Freitag, 02. Dezember 2016


Sonnenschein - Gesundbrunnen oder Risikofaktor?

lieber Gott, lass' die Sonne wieder scheinen...

(lifePR) (Düsseldorf, ) endlich haben sich die Wolken, die grauen, verzogen und ein frühlingsblauer Himmel lockt Große und Kleine ins Freie, um die wärmende und strahlende Kraft der Sonne zu genießen. Gleichzeitig mit der aufgehenden Sonne erheben sich aber auch kritische Stimmen.
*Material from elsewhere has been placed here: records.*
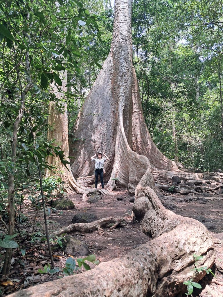 Am explorat și rezervația propriu-zisă: traversând râul Đồng Nai cu bacul, am pătruns în adâncul pădurii, deși am intuit corect că să merg mai mult de un kilometru pe jos nu ar fi fost tocmai realist. Totuși, am ajuns la faimosul copac Tung, cunoscut drept Copacul Tung al Unchiului Đồng, denumit așa în cinstea fostului premier vietnamez Phạm Văn Đồng. Vechi de peste 400 de ani, cu o înălțime de peste 30 de metri și un trunchi atât de vast încât ar putea adăposti aproape 20 de oameni, copacul Tung impresionează nu doar prin măreția sa, ci și prin rețeaua de rădăcini arcuite, întinse asemenea unor coloane în miniatură.
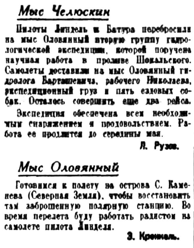 МЫС ЧЕЛЮСКИН. 1 марта. (Радио. спец. корр. "Правды"). Как известно, челюскинец Эрнст Кренкель возглавляет зимовку в составе всего 4 человек на мысе Оловянном. На днях, как сообщалось в "Правде" (в № от 29 февраля), летчик Линдель доставил с мыса Челюскина на мыс Оловянный гидрологическую группу, во главе с гидрологом Даниловым, приборы, четырех собак.
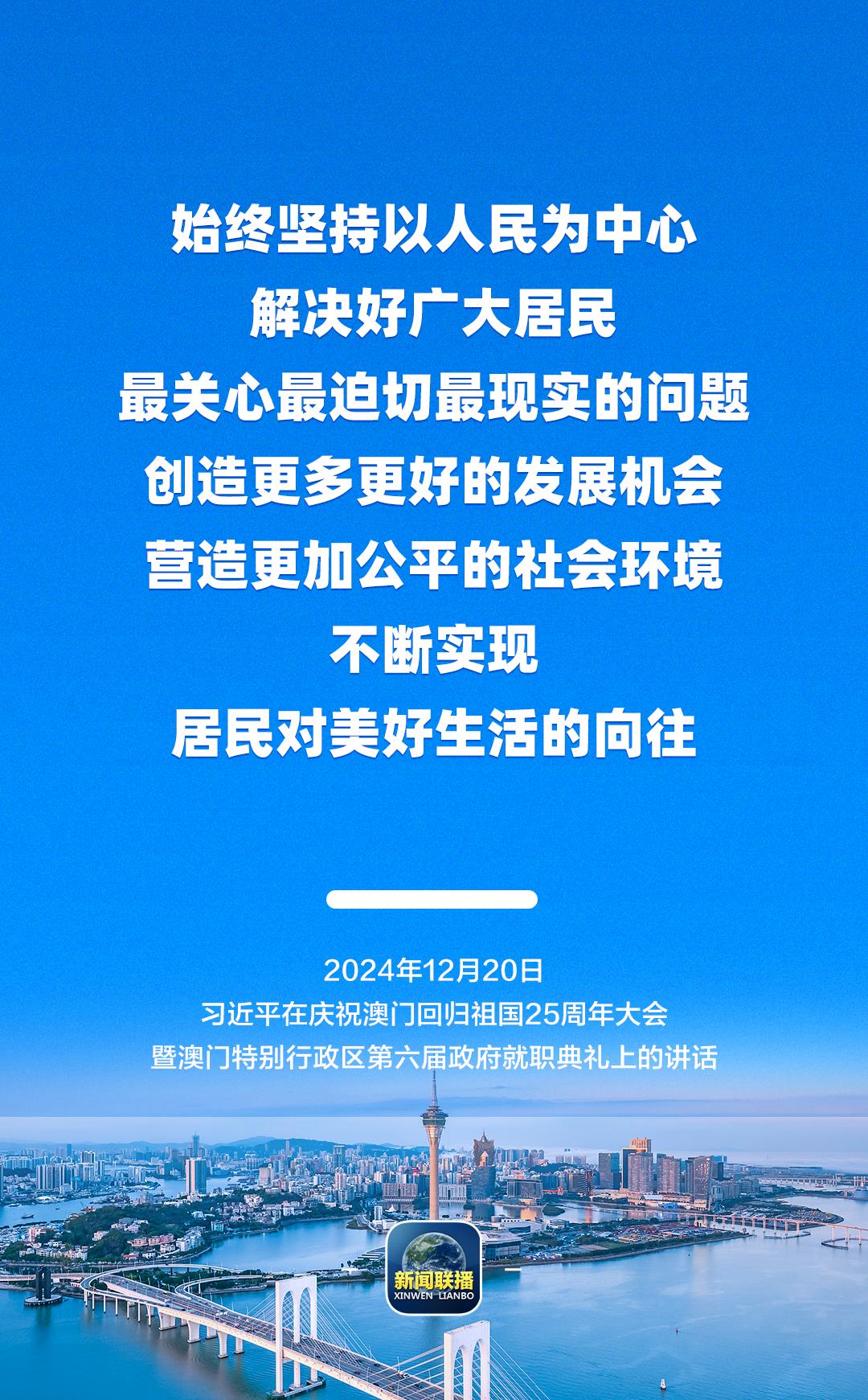 12月20日上午,庆祝澳门回归祖国25周年大会暨澳门特别行政区第六届政府就职典礼举行。中共中央总书记、国家主席、中央军委主席习近平出席并发表重要讲话。

Lautstark geht der dringende Appell an alle Sonnenanbeter, sich sofort beim Verlassen der häuslichen vier Wände mit ausreichend Sonnencreme, möglichst Lichtschutzfaktor 25, zu schützen. Grund ist die UV-Strahlung, die einen bedeutenden Risikofaktor für Hautkrebs darstellt.

Auf der anderen Seite leiden nach Untersuchungen des Robert-Koch-Instituts und des Max-Rubner-Instituts* mehr als die Hälfte der deutschen Bevölkerung unter einem Mangel an Vitamin D. Dieser aber geht einher mit folgenschweren Risiken für die Gesundheit. Unter einem Vitamin-D-Mangel erhöht sich das Risiko für Herz-Kreislauf-, etliche Infektions-, Autoimmun- und Krebserkrankungen.

Unser Körper benötigt Sonne direkt auf der Haut, um Vitamin D bilden zu können. Bleibt der Kontakt mit der Sonne aus, entsteht Vitamin-D-Mangel. Das passiert oft in den Wintermonaten, weil die Sonne fehlt oder man sich nicht im Freien aufhält - und eben auch im Frühjahr und Sommer, wenn die Haut unter einer Sonnencreme keine Möglichkeit hat, Sonne zu tanken.

*Ausgewählte Fragen und Antworten zu Vitamin D
Gemeinsame FAQ des BfR, der DGE und des MRI vom 22. Oktober 2012


Um Ihnen eine Abwägung zwischen den positiven und negativen Effekten im gesundheitsbewussten Umgang mit der Sonne und dem Sonnenschutz zu ermöglichen, haben wir Herrn Prof. Dr. med. Jörg Spitz, Experte zum Thema Vitamin D um den u.a. Kurz-Kommentar zur Nutzung von Sonnenschutzmitteln gebeten.

Wenn Sie darüber hinaus mehr rund um das Thema "Sonnenhormon" wissen und erfahren möchten, laden wir Sie herzlich ein, den am kommenden Wochenende (18./19. April) in Frankfurt stattfindenden "Kongress für menschliche Medizin - Update 2015" zu besuchen. Dort stehen Ihnen ausgewiesene Experten, u.a. Herr Prof. Spitz und Uwe Gröber mit einem breiten Spektrum von hochinteressanten Vorträgen zur Verfügung. Einzelheiten zum Programm finden Sie auf der Webseite der Akademie für menschliche Medizin: www.spitzen-praevention.com.

Prof. Dr. med. Jörg Spitz

Akademie für menschliche Medizin und evolutionäre Gesundheit durch Spitzen-Prävention
Krauskopfallee 27, 65388 Schlangenbad, Tel: 06129-5029986
Fax: 06129-5029985 E-Mail: info@mip-spitz.de
Internet: www.spitzen-praevention.com; Stiftung: www.dsgip.de

Kommentar zur konsequenten Nutzung von Sonnenschutzmitteln.

Wer den Empfehlungen der Kosmetikindustrie folgt und sich ausschließlich mit einem UV-Blocker auf der Haut dem Sonnenlicht aussetzt, blockt damit auch die seit Millionen von Jahren funktionierende Synthese des Sonnenhormons Vitamin D in unserer Haut.

Der überwiegende Aufenthalt des Menschen in Gebäuden und Fahrzeugen in Verbindung mit der Verwendung von Sonnenblockern in der kurzen Zeit, die wir noch im Freien verbringen, hat zu einem Mangel an Sonnenhormon in weiten Teilen der Bevölkerung geführt. Da alle Zellen im Körper dieses Hormon für eine regelrechte Funktion benötigen, kommt es infolge des weit verbreiteten Mangels zu einer Verstärkung praktisch aller Zivilisationskrankheiten: von der Depression über Diabetes und Bluthochdruck bis hin zu Autoimmunerkrankungen und Krebs. Ein im wahrsten Sinn des Wortes düsteres und folgenschweres Kapitel unserer Zivilisation. Die Bedeutung von Vitamin D für unsere Gesundheit wird durch mehr als 20 000 wissenschaftliche Publikationen unterstrichen.